Supervised learning techniques develop a function that may be used to predict the output associated with fresh inputs by iteratively optimizing an objective function. When inputs were not included in the algorithm, an optimal function enables the algorithm to accurately identify the output. An algorithm is said to have learned to do a task when it gradually increases the accuracy of its predictions or outputs. Algorithms for supervised learning encompass active learning, regression, and classification. Regression techniques are used when the outputs can have any numerical value within a range, and classification methods are used when the outputs are constrained to a certain set of values. An incoming email would be the input of a classification system, for instance, which filters emails; the output would be the name of the folder in which the email should be filed.
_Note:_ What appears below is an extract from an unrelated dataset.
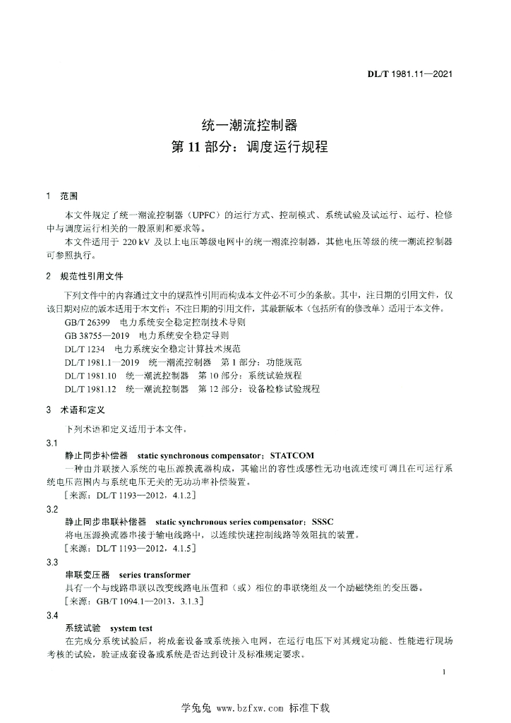 DL/T 1981.11-2021 统一潮流控制器 第11部分:调度运行规程
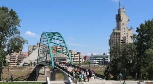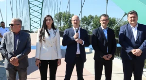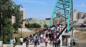 Teljes, 213 méteres hosszával az ország leghosszabb „autómentes” hídját adták át április 10-én pénteken 11 órakor Szatmárnémetiben. A híd a város régi központját köti össze a Szamos bal partjával, ahol három lakótelep közé és egy bevásárlóközpont elé lett építve a pillérje. Nemcsak hosszában, de kialakításában is egyedi: nincs vízben álló lába, az enyhén megfeszített hídtestet csak a partokon megöntött lábak tartják, víz fölötti ívét nem töri meg semmi. Akár a Deceba-l, akár a Golescu-hídról nézi a személő, az a benyomása, hogy a híd a víz fölött lebeg.

In supervised machine learning, similarity learning is closely associated with regression and classification. Its objective is to learn from examples by utilizing a similarity function that quantifies the degree of similarity or relatedness between two objects. It can be used for face verification, speaker verification, visual identity tracking, rating, and recommendation systems.

1.1.1.5.  Unsupervised Learning: In this method, the algorithm is given unlabelled data and is left to its own devices to identify patterns or relationships in the data. Common tasks in unsupervised learning are dimensionality reduction and clustering. Algorithms for unsupervised learning discover structures in unlabelled, uncategorized data.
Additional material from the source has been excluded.